Quite another issue is the level of indebtedness of the Greek private businesses, particularly banks. Given the information above, can we rely on their IFRS financial statements and do they reflect actual financial position of businesses?

By the way
Kebab mix
By the way, I do not have anything against Greece or Greek people. In fact, last week I was in Greek restaurant and had fabulous dish of mixed kebab, which comprised of chicken, pork, and lamb meat as well as sheftalia… yummm, delicious! J

References
La Porta, R., F. Lopez-de-Silanes, A. Shleifer, and R. Vishny. 1998. Law and finance. The Journal of Political Economy 106 (6): 1113–1155.
Leuz, C., D. Nanda, and P. Wysocki. 2003. Earnings management and investor protection: An international comparison. Journal of Financial Economics 69 (3): 505–527.

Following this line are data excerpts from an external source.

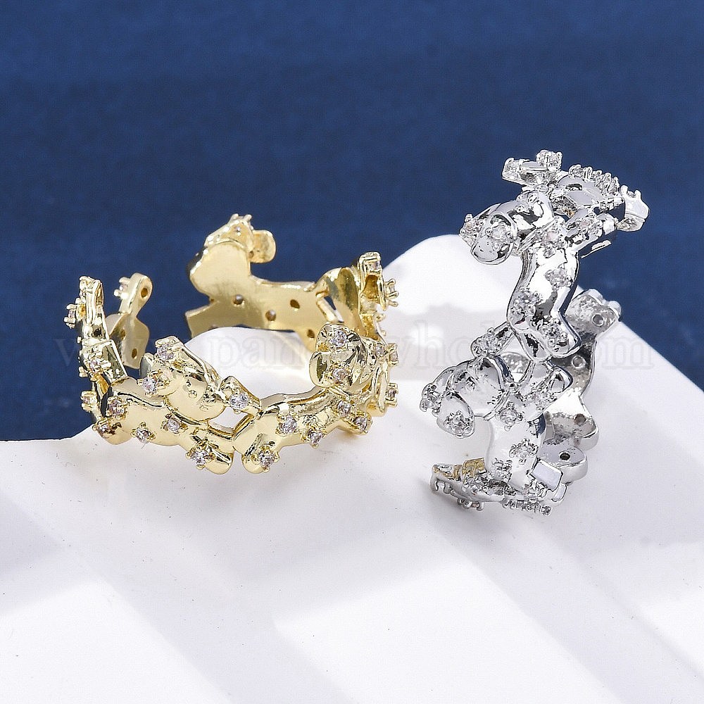 Латунные кольца-манжеты с микропаве и прозрачным цирконием для женщин, собака, без кадмия и без свинца, долговечный, стойки покрытие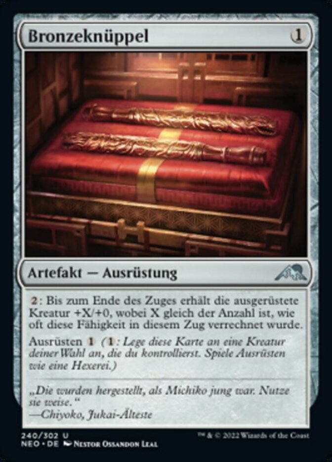 | Rules | : Until end of turn, equipped creature gets +X/+0, where X is the number of times this ability has resolved this turn. Equip (: Attach to target creature you control. Equip only as a sorcery.) |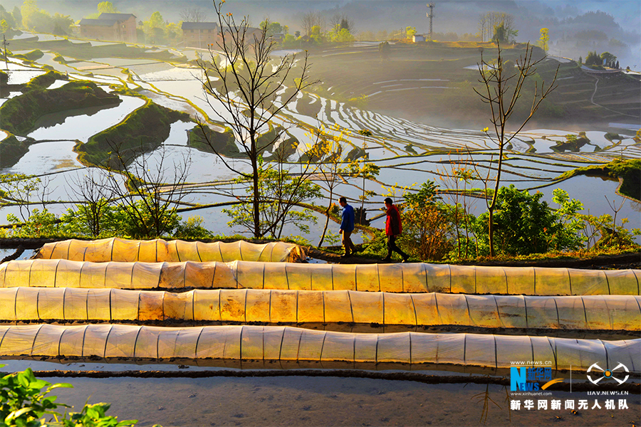 航拍酉陽縣花田鄉(xiāng)梯田。新華網(wǎng)發(fā)(陳碧生 攝)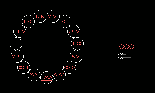 Поскольку внутреннее состояние на седьмом шаге вернулось к исходному, то, начиная со следующего шага, будет идти повтор битов. То есть генерируемая последовательность такова: (порядок бит в последовательности соответствует порядку их генерации РСЛОС). Таким образом, период последовательности равен 7, то есть максимально возможному значению, что произошло в силу примитивности заданного многочлена.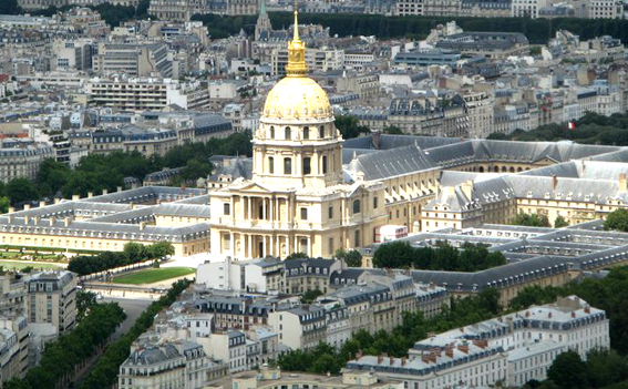 Îndată ce ai trecut pe malul celălalt al Senei, te întâmpină un bulevard larg, mărginit de încântătoare spaţii verzi şi curând ajungi în faţa Hotelului Invalizilor. Această clădire monumentală a fost construită la ordinul lui Ludovic al XIV-lea – Regele Soare, ca semn de preţuire faţă de veteranii de război întorşi în Franţa răniţi, bolnavi sau cu vreun handicap, săraci sau rămaşi fără un adăpost. Clădirea cu o impresionantă faţadă lungă de 195 metri a fost începută în 1671 şi terminată în 1676, mulţi considerând-o o capodoperă arhitectonică a secolului al XVII-lea.

Li, S. 2010. Does Mandatory Adoption of International Financial Reporting Standards in the European Union Reduce the Cost of Equity Capital. The Accounting Review 85 (2):  607-636
Nobes, C., ed. 2001. GAAP 2001: A Survey of National Accounting Rules Benchmarked Against International Accounting Standards by Andersen, BDO, Deloitte Touche Tohmatsu, Ernst & Young, Grant Thornton, KPMG, PricewaterhouseCoopers. New York, NY: J Wiley & Sons.